━━━━━ SUPPLIED RECORDS

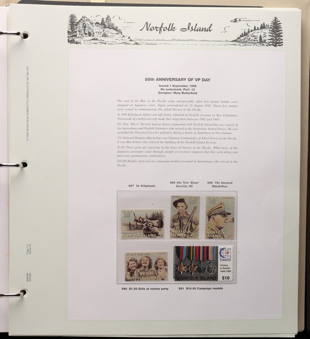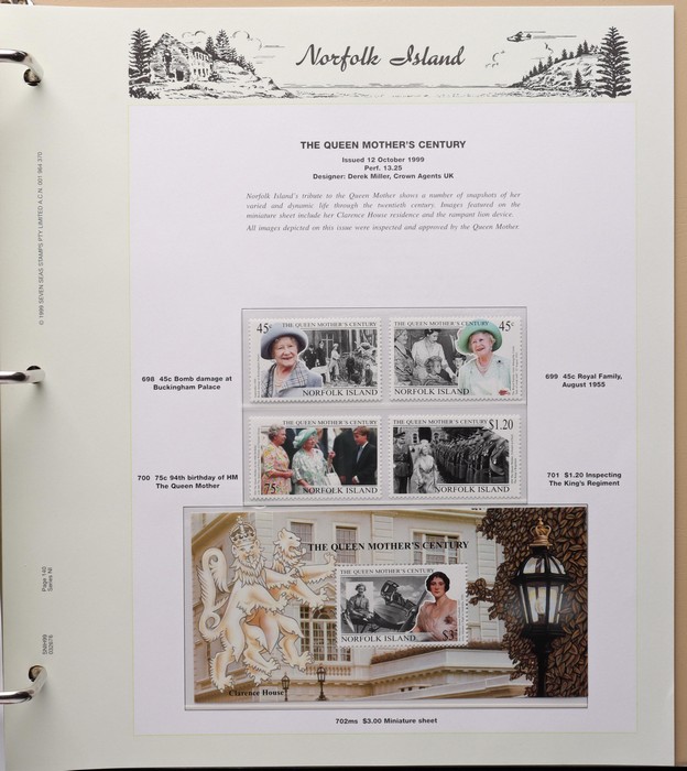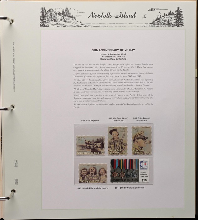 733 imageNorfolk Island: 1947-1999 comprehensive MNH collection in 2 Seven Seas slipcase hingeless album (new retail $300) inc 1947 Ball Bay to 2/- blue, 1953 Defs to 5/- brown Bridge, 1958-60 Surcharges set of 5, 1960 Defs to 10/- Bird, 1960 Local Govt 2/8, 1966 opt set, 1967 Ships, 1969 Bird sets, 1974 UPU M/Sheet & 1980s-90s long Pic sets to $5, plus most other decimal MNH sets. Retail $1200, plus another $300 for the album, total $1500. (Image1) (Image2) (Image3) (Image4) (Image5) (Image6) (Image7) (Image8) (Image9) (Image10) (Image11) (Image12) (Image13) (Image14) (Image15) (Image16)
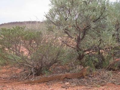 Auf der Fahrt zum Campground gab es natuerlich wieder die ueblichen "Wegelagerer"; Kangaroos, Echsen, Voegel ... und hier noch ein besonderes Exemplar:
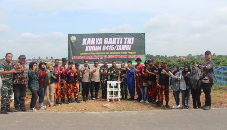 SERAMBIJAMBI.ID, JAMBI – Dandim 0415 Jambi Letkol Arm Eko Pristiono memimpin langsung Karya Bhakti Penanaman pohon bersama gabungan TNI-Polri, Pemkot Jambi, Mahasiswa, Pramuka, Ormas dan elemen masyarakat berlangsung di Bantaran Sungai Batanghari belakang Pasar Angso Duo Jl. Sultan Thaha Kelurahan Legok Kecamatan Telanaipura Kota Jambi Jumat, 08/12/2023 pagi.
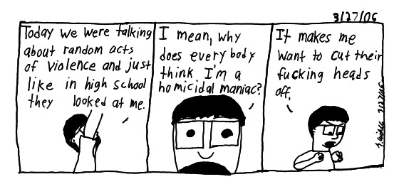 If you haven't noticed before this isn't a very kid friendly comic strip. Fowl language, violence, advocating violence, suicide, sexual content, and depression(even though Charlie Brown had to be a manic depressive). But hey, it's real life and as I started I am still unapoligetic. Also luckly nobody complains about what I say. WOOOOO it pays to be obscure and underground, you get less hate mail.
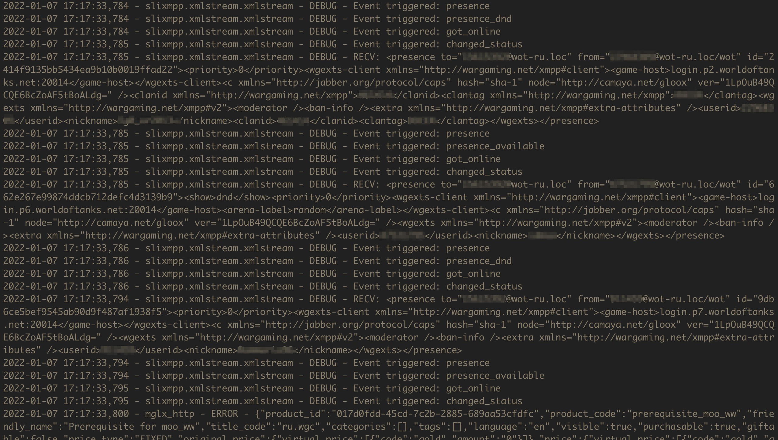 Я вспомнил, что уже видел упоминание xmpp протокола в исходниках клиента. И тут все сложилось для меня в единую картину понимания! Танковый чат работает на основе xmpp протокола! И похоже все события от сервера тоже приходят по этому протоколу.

━━━━━━━━━━

WHAT YOU ARE ASKED TO DO: Give back all the material exactly, with no pictures.

RESPONSE TO THIS TASK:
 733 imageNorfolk Island: 1947-1999 comprehensive MNH collection in 2 Seven Seas slipcase hingeless album (new retail $300) inc 1947 Ball Bay to 2/- blue, 1953 Defs to 5/- brown Bridge, 1958-60 Surcharges set of 5, 1960 Defs to 10/- Bird, 1960 Local Govt 2/8, 1966 opt set, 1967 Ships, 1969 Bird sets, 1974 UPU M/Sheet & 1980s-90s long Pic sets to $5, plus most other decimal MNH sets. Retail $1200, plus another $300 for the album, total $1500. (Image1) (Image2) (Image3) (Image4) (Image5) (Image6) (Image7) (Image8) (Image9) (Image10) (Image11) (Image12) (Image13) (Image14) (Image15) (Image16)
 Auf der Fahrt zum Campground gab es natuerlich wieder die ueblichen "Wegelagerer"; Kangaroos, Echsen, Voegel ... und hier noch ein besonderes Exemplar:
 SERAMBIJAMBI.ID, JAMBI – Dandim 0415 Jambi Letkol Arm Eko Pristiono memimpin langsung Karya Bhakti Penanaman pohon bersama gabungan TNI-Polri, Pemkot Jambi, Mahasiswa, Pramuka, Ormas dan elemen masyarakat berlangsung di Bantaran Sungai Batanghari belakang Pasar Angso Duo Jl. Sultan Thaha Kelurahan Legok Kecamatan Telanaipura Kota Jambi Jumat, 08/12/2023 pagi.
 If you haven't noticed before this isn't a very kid friendly comic strip. Fowl language, violence, advocating violence, suicide, sexual content, and depression(even though Charlie Brown had to be a manic depressive). But hey, it's real life and as I started I am still unapoligetic. Also luckly nobody complains about what I say. WOOOOO it pays to be obscure and underground, you get less hate mail.
 Я вспомнил, что уже видел упоминание xmpp протокола в исходниках клиента. И тут все сложилось для меня в единую картину понимания! Танковый чат работает на основе xmpp протокола! И похоже все события от сервера тоже приходят по этому протоколу.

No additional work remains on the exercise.